Stage 2: Data Detective
Keep your Colab notebook tab open all session. Open in a new tab — don’t use the buttons in this page to leave the course.
dataset inspection cells that count classes, sample examples, and find tricky images
why machine-learning engineers inspect data before training
a short data report with class counts and one likely-hard example
Show two CIFAR-10 images that are easy and two that are blurry or ambiguous. Ask the room which ones they expect the model to miss later.
The big idea
Bad machine learning often starts with unchecked data. Before preparing or training, engineers ask: What classes do we have? Are the classes balanced? Are the images clear? Which examples look confusing even to humans?
Today you are not building the model. You are learning to read the dataset.
- 1Photos / CIFAR-10labeled image examplesStage 1
- 2Notebook variablesx_train, y_train, class_namesSetup-2
- 3Prepared datanormalized pixels and fair pilesStage 3
- 4Keras modelCNN layers and summaryStage 4
- 5Training historyepochs, loss, accuracyStage 5
- 6Test evidencesealed score and mistakesStages 6-7
- 7Improved modelaugmentation comparisonStage 8
- 8Inferenceuploaded image to top-3 guessesStage 9
- 9Demo evidencetable, confidence, limitationStage 10
Stage 2 stays on the notebook-variable step. You use `y_train`, `class_names`, and image samples to decide whether the data is trustworthy before changing it.
- class
- one category the model can predict, like cat or truck
- class balance
- whether each class has about the same number of examples
- sample
- a small set of examples used to inspect a larger dataset
- ambiguous
- hard to identify clearly, even for a person
Stage 1 must be run so x_train, y_train, and class_names exist.
Build it
Step 1 — Predict which classes will be hardest
In a text cell, rank three classes you think the model will confuse most. Give a reason based on the images you saw in Stage 1.

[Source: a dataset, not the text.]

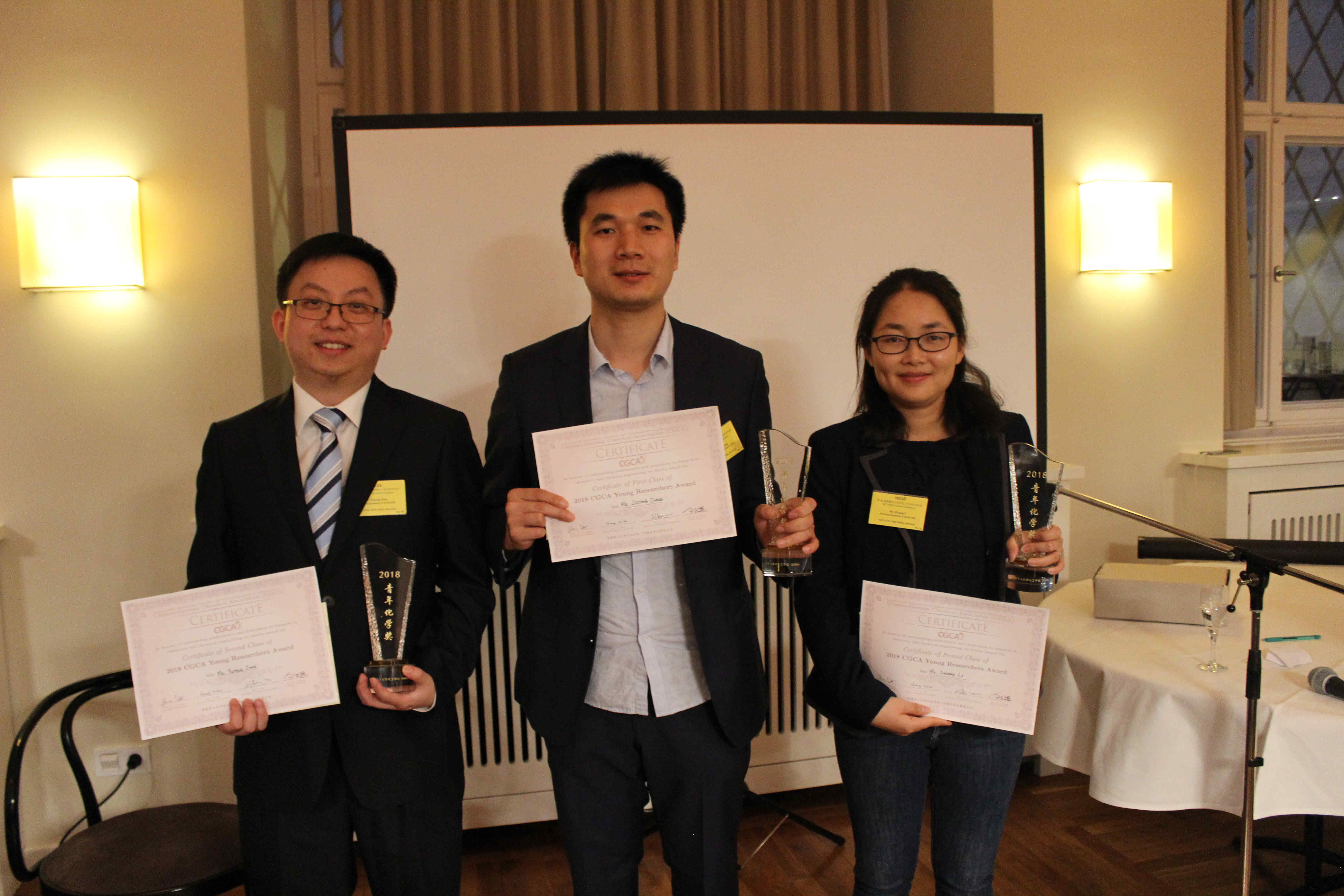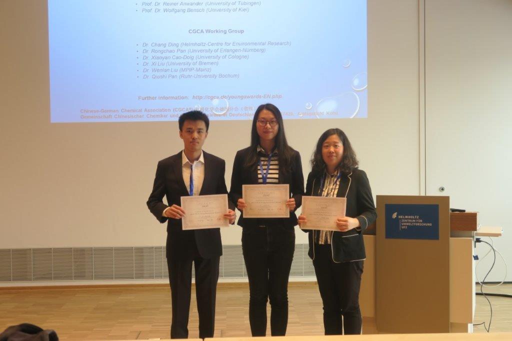 从左到右;刘劼,李蒙蒙,蔡彬 专家评审团: Prof. Dr. W. Weigand (Friedrich-Schiller-University Jena) , Prof. Dr. V. Deckert (Leibniz Institute of Photonic Technology), Prof. Dr. M. Wolf (Fritz-Haber-Institut der Max-Planck-Gesellschaft) | |||||||

My hardest classes prediction:
1. __________ because __________
2. __________ because __________
3. __________ because __________
Now make a second prediction: do you think CIFAR-10 has about the same number of examples in each class, or do you think some classes have many more? Write the prediction before counting.
Step 2 — Count the training classes
NumPy is Python's array and counting helper. We use it here because labels are stored as arrays of numbers, and NumPy can flatten, count, and search those arrays quickly.
import numpy as np
label_numbers = y_train.flatten()
counts = np.bincount(label_numbers, minlength=10)

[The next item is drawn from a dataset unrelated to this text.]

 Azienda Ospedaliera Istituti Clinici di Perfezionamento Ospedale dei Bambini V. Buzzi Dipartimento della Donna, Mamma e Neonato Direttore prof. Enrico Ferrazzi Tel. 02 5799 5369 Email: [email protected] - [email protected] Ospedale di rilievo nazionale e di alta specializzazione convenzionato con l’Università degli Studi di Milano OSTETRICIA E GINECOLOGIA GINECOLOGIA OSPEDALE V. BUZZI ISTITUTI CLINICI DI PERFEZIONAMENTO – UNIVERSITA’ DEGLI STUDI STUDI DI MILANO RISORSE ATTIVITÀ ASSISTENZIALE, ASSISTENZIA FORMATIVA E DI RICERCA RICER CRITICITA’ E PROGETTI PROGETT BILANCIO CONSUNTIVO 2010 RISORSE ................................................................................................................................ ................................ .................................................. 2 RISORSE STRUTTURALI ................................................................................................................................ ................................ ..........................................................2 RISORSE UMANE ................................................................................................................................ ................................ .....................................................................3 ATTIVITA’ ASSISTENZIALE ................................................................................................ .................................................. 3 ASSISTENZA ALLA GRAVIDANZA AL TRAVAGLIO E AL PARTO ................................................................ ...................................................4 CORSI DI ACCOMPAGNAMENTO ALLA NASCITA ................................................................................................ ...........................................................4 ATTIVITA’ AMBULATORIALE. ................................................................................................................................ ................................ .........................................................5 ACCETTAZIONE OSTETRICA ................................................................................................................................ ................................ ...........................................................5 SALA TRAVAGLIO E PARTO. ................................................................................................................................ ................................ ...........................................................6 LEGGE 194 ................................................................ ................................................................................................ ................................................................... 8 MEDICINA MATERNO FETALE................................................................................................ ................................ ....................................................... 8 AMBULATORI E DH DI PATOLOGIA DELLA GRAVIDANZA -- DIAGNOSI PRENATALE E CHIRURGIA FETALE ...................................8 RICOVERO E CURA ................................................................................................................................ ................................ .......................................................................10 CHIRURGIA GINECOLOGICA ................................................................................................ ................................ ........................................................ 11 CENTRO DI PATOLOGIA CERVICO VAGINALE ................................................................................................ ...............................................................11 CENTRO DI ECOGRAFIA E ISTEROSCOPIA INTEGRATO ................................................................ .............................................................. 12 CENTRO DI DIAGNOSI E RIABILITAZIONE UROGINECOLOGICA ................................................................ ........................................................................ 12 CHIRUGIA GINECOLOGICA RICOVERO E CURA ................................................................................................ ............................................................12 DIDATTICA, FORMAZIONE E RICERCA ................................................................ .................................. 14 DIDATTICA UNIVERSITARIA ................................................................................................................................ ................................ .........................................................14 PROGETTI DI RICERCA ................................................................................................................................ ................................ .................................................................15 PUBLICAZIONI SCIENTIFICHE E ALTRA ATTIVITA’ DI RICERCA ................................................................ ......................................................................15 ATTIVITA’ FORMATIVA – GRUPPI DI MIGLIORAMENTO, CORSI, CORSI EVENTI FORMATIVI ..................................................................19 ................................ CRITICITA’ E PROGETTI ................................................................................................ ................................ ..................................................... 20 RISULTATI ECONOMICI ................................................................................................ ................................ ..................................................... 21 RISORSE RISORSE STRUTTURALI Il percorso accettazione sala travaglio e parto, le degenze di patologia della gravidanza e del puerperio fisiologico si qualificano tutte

for index, count in enumerate(counts):
print(f"{index}: {class_names[index]} - {count} training images")
If the counts are close, the dataset is balanced. If one class had far fewer examples, the model might struggle to learn it fairly.
Step 3 — Show one example from each class
fig, axes = plt.subplots(2, 5, figsize=(10, 5))

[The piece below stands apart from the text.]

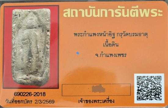 พระกำแพงหน้าอิฐ เนื้อดิน จ.กำแพงเพชร พร้อมบัตรรับรอง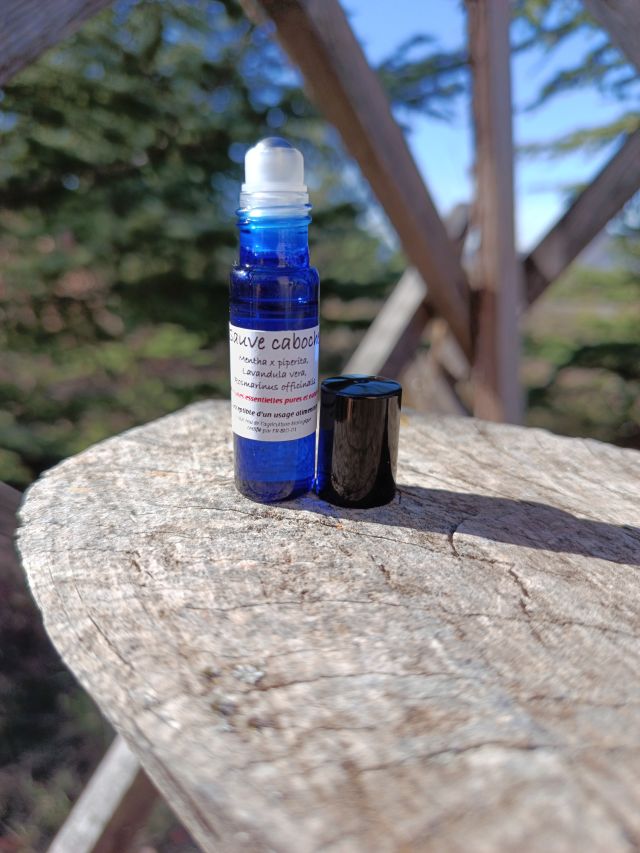Ingrédients: HE de *Menthe poivrée, *Lavande fine sauvage, *Romarin pyramidal

for class_index in range(10):
first_match = np.where(label_numbers == class_index)[0][0]
row = class_index // 5
col = class_index % 5
axes[row, col].imshow(x_train[first_match])
axes[row, col].set_title(class_names[class_index])
axes[row, col].axis('off')
plt.show()
This proves every class has real examples and gives you a visual baseline.
Step 4 — Build a quick data report
In a text cell, write:
Data report:
- The most common class is __________ with _____ images.
- The least common class is __________ with _____ images.
- One class I expect to be hard is __________ because __________.
- One image looked ambiguous because __________.
Your report is evidence. It will make Stage 7 and Stage 10 explanations stronger.
Understand it
Machine learning is not only model code. A model can only learn from the examples it receives. If a dataset is unbalanced, mislabeled, blurry, or missing important cases, training can look successful while the model behaves badly.
CIFAR-10 is designed to be balanced, but it is still hard. The images are tiny. Cats and dogs blur together. Trucks and automobiles can look similar. Reading those weaknesses now helps you predict failures later.
Try this
Try this
Three short experiments. Predict before you run, then test your guess.
Pick one class you think will be easiest. Display five examples from that class. Did they look more consistent than the hard classes?
Compare five cats and five dogs. What visual clues separate them? What clues overlap?
If a class had only 200 examples while another had 5,000, how might that change the model's predictions?
Test your stage
- You printed class counts for all 10 classes.
- You displayed one example from every class.
- You wrote a data report with at least one predicted hard class.
- Workflow check. Point to this stage on the workflow map and explain why data inspection comes before preparation.
- Evidence check. Your data report cites one count result and one visual example.
- Design check. Explain why inspecting data before training is part of machine learning, not extra decoration.
If it breaks
NameError: class_names is not defined. Re-run Stage 1's class list cell.npis not defined. Run theimport numpy as npline.- The class counts all look similar. Good. That means CIFAR-10 is balanced; the hard part is visual confusion, not missing classes.
This stage fixes the old tutorial problem by slowing down before preprocessing. Students should make predictions about model behavior before they train.